Nori the shark is passing through NJ. She’s not your biggest problem
Her name is Nori — the Japanese word for seaweed. She is nearly nine feet long, tagged by OCEARCH researchers off Nova Scotia last October, and on Monday night she pinged off the coast between Ocean City and Sea Isle City off of Cape May County on her way north to her summer feeding grounds in Atlantic Canada.
She is not interested in you. She probably doesn't know you exist.
Nori was the first white shark to ping near the Jersey Shore this spring migration season. Every year at this time they move through. Most years we don't hear about it. This year we did because OCEARCH tracks them and the data is public. Nori is bright, curious, and heading north. She will be long gone by Memorial Day.
But since she got people talking, let's talk about what you actually need to worry about at the Jersey Shore this summer. Because it is not Nori.
The actual odds
The likelihood that a person who goes to the beach will be attacked by a shark is 1 in 11.5 million. Your chance of being killed by a shark is less than 1 in 264 million.
For context: falling out of bed kills 450 people a year. Deer collisions kill 440. Bees, hornets and wasps kill 58. Lightning kills 49. Sharks are not on the list of things that should be keeping you out of the water at the Jersey Shore.
Here is what actually ruins a beach day. And the odds are much, much higher
SEE ALSO: The unwritten rules of the Jersey shore every shoobie and benny needs to read
The chair planter — odds: nearly certain
Someone on your stretch of beach will stake out enough real estate for a small municipality. Umbrella, four chairs, a canopy, a cooler the size of a Volkswagen, and a portable speaker aimed directly at your head. Your odds of encountering this person on a July Saturday at Seaside are roughly 1 in 1.

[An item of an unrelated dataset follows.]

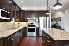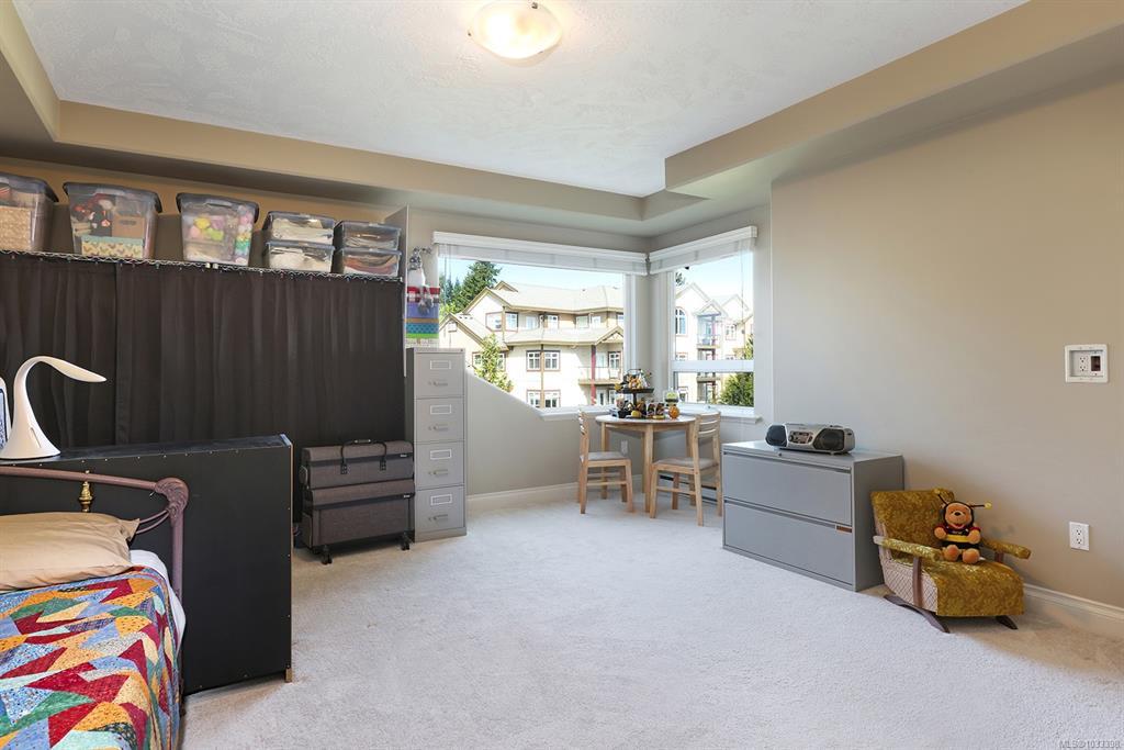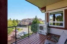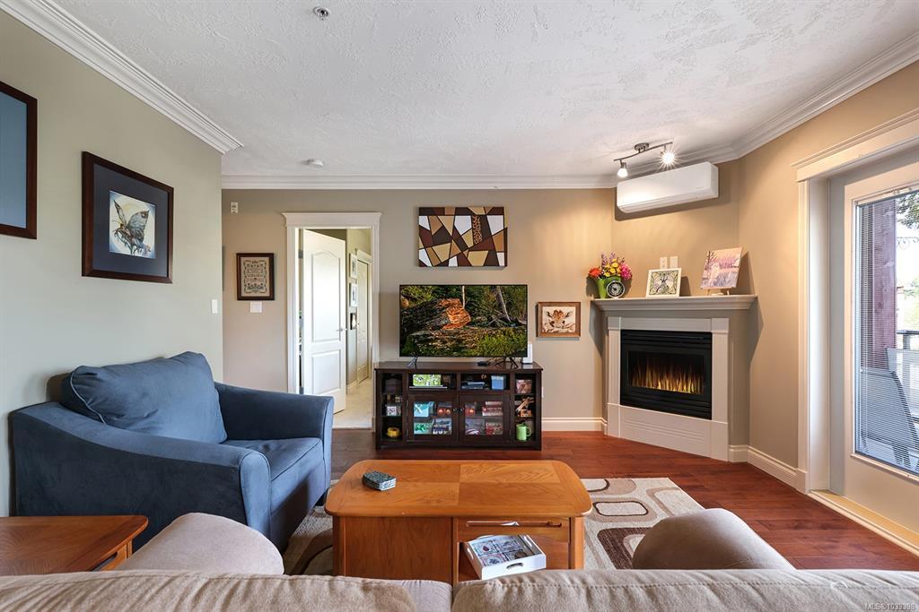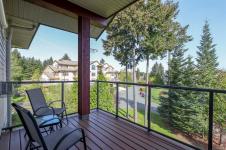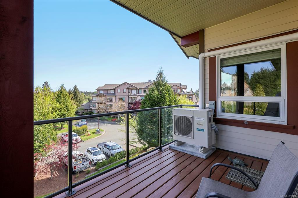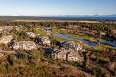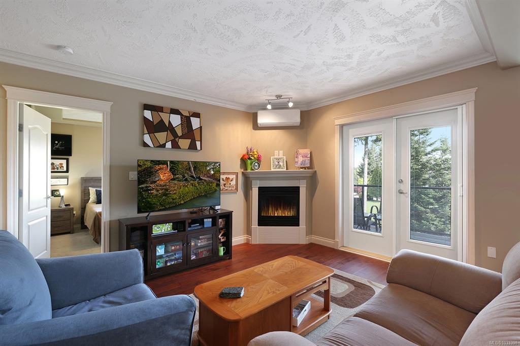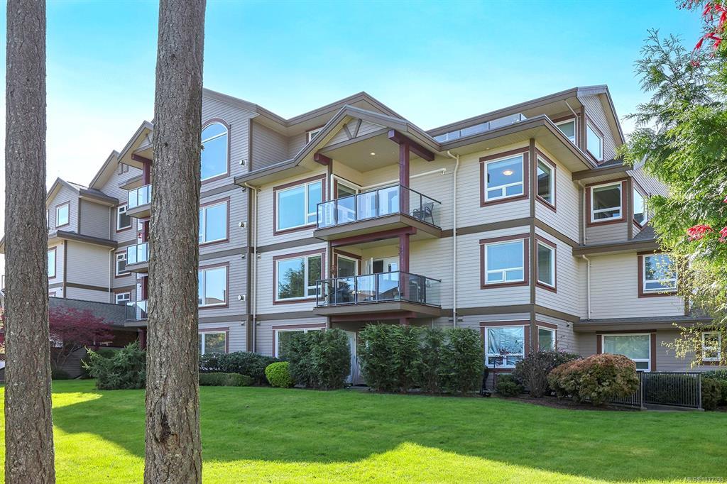 Corinthia Estates at Crown Isle offers resort-style, low-maintenance living in a prime development. Unit #435 is a spacious, quiet corner unit on the third floor, offering 1,514 sqft and features two large bedrooms, two bathrooms, plus a den for your office or crafting! This corner unit is bright, offers open concept living, and some recent improvements include a heat pump with air conditioning and newer Hickory hardwood floors. The kitchen features granite counters, quality cabinetry, stainless appliances, and an island with seating that opens to the main living and dining area. The covered patio has space for dining, as well as a BBQ hookup — ideal for relaxed mornings and evening downtime. The spacious primary bedroom includes a 3-piece ensuite with heated tile floors, and a tiled walk-in shower. There is secure underground parking, plus a 6’x5’ storage unit.
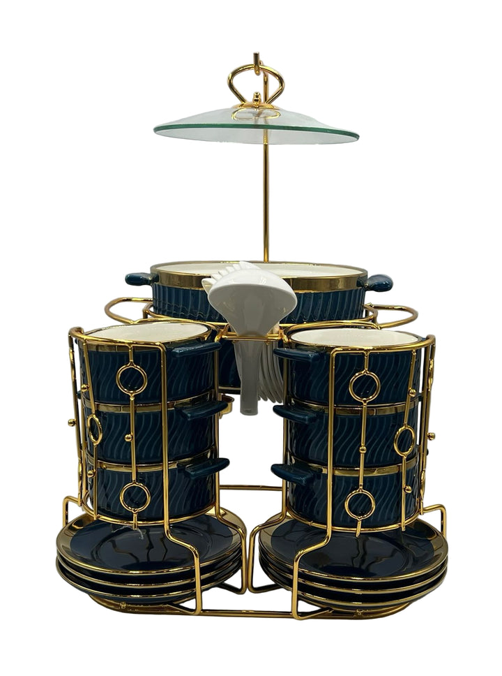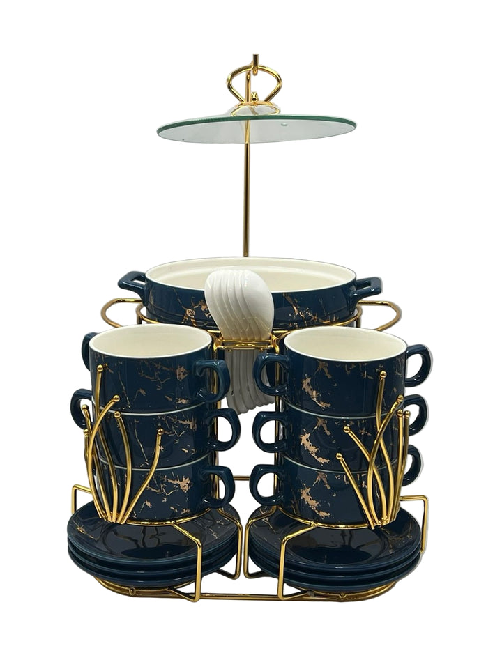 Ceramic Soup Set With Stand 22 Piece (BLUE)

The boardwalk blocker — odds: 1 in 3
The group of five walking side by side at the pace of a glacier, impervious to the 200 people stacked up behind them. They will stop without warning. They will consult each other about funnel cake. You will not get around them for three blocks.

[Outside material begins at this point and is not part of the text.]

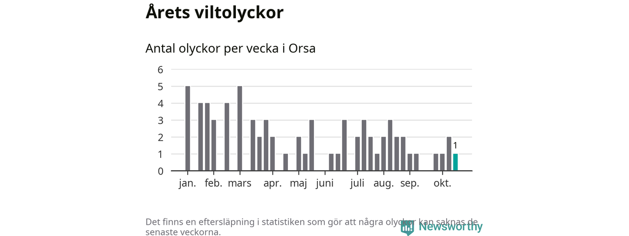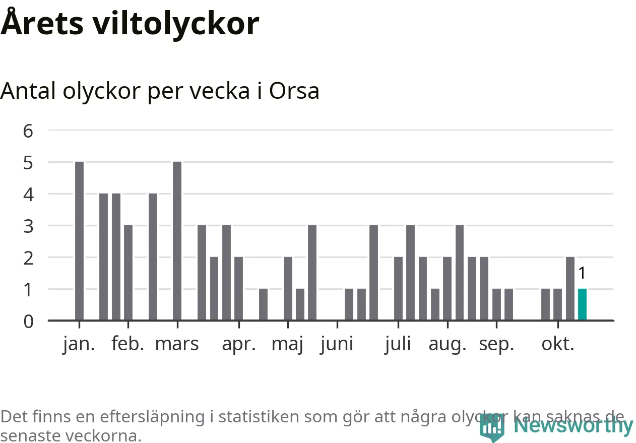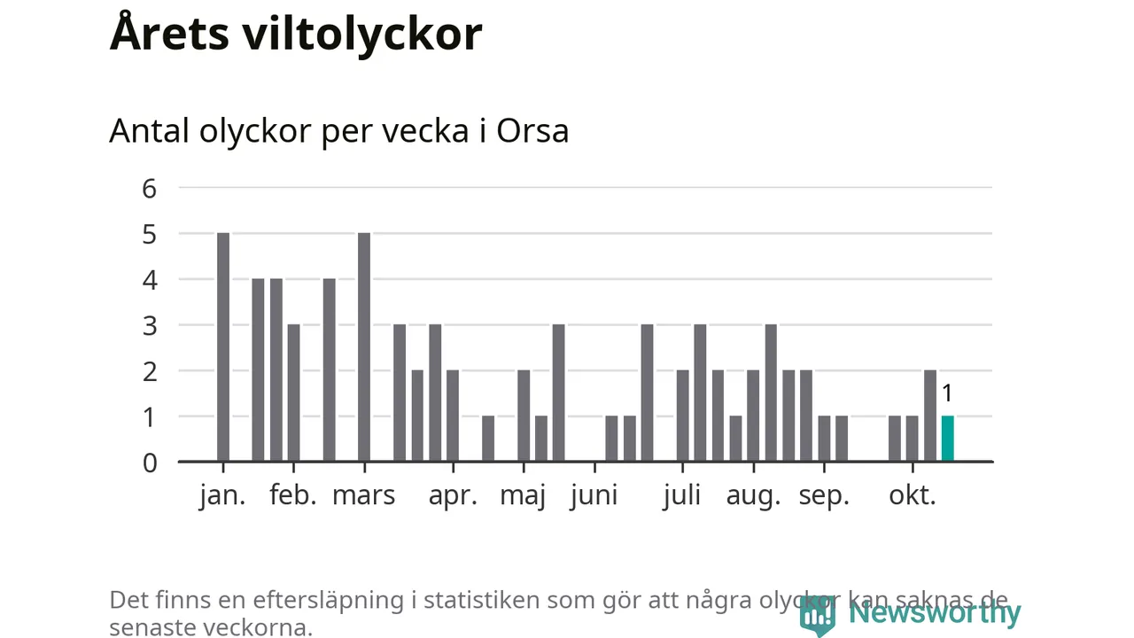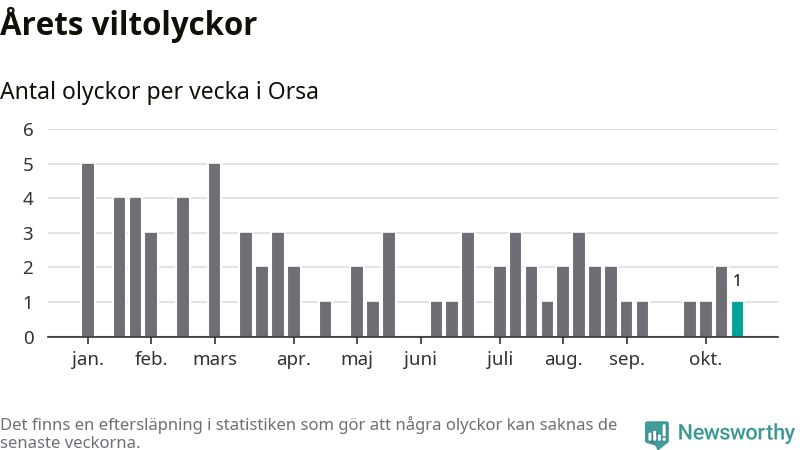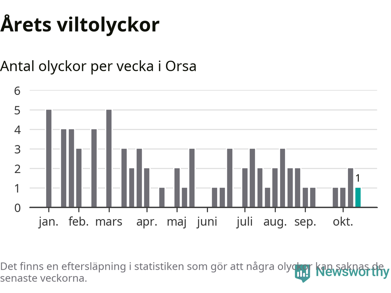 Från förra veckan (vecka 43) har hittills en viltolycka rapporterats in i Orsa kommun.

The unsupervised teenager after 10pm — odds: 1 in 4
Not all of them. Most of them are fine. But the ones who are not fine will find each other with a precision that defies explanation and congregate directly outside wherever you are trying to sleep.
The speaker situation — odds: 1 in 5
Someone nearby has musical taste that does not overlap with yours at all, a Bluetooth speaker that cost $200, and absolutely zero awareness that the family next to them can hear every word. They mean well. It doesn't help.

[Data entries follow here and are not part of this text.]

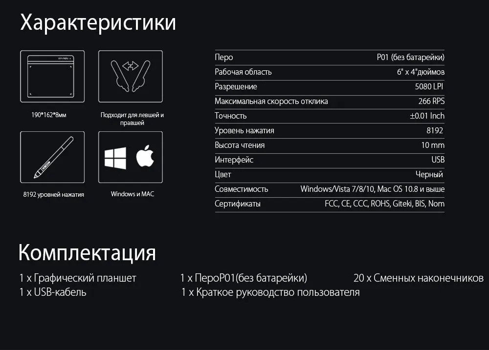 все просто супер!! в москву доставка меньше четырех дней. в комплекте нет переходника для телефона. полностью соответствует описанию. коробка не была помята при получении, которое заняло меньше пяти минут. подставки для стилуса нет, батарейки не нужны. рисует хорошо даже без драйверов все просто отлично, довольна :3
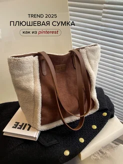 Сумка плюшевая шоппер меховая барашек
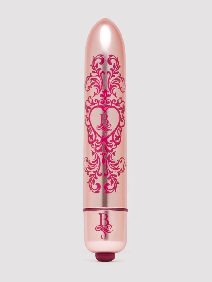 Enjoy precise and powerful external stimulation with the Promenade by Rocks Off, a mini bullet vibrator with a rounded end that applies soft pressure to your most sensitive spots like the clitoris, nipples or perineum. Carefully crafted from smooth, body-safe silicone and ABS plastic in a rose gold colourway with a red ornate pattern, this mini bullet vibe’s gentle, non-intimidating design and 3.5 inch size makes it a great choice for beginners, plus it’s super easy to clean. This mini marvel boasts 10 powerful vibration settings that can be easily controlled via the one-button interface. Press it once for lower frequency, high sensitivity rumbles, or press repeatedly to find the right mode for you. 100% waterproof for fun in the bath and shower, this toy also requires 1 x AAA battery (included) for up to 3 hours and 30 minutes of uninterrupted pleasure. For the best experience, use with a generous amount of water-based lubricant. Remove the batteries and clean thoroughly after use with warm water and mild soap, or sex toy cleaner. Please note: For external use only. Not for internal or anal use.
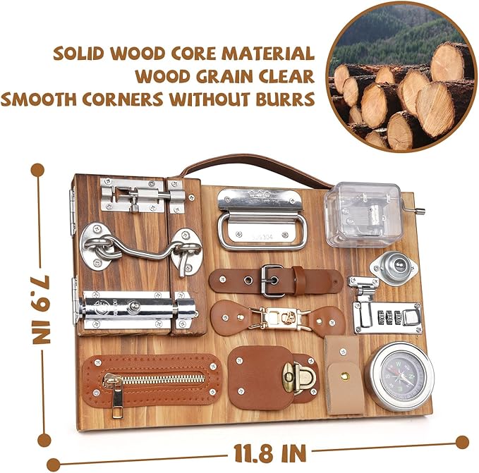 - Safety and Durability: Crafted from high-quality smooth wooden materials, our Montessori busy board prioritizes safety. With sturdy edges and secure elements, parents can trust that their toddlers can play safely and confidently.
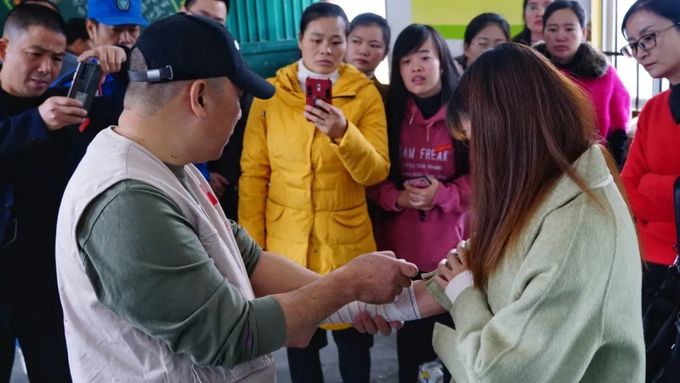 ▲老师们上手学习体验救援技能
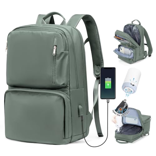 BJLFS Sac à dos sous vide avec pompe Ryanair Wizzair 40x30x20 Femme Sac Cabine Avion 40x30x20 pour Ryanair Bagage Cabine 45x36x20 Easyjet Bagage à Main Sac pour Ordinateur Portable Homme Grau Vert

The beach badge lecture — odds: 1 in 8
Someone will argue with the badge checker. Not about anything that will change the outcome. Just to establish a philosophical position about the nature of beach access while twelve people wait in line behind them.
The tram car bump — odds: 1 in 10
I speak from experience. The announcement says watch the tram car please. It means it. Last summer I treated it as audio wallpaper. The tram car and I settled our differences personally. She starts running again Saturday May 9th. Watch the tram car please.
The parking situation — odds: 1 in 1
There is no odds calculation for this. Parking at the Shore on a summer Saturday is not a problem to be solved. It is a condition to be accepted. Build it into your timeline. Add forty-five minutes. Maybe an hour. You will use it.
Nori is passing through
She is not the threat. She is a nine-foot tourist on her way to Canada who doesn't even know the parkway exists.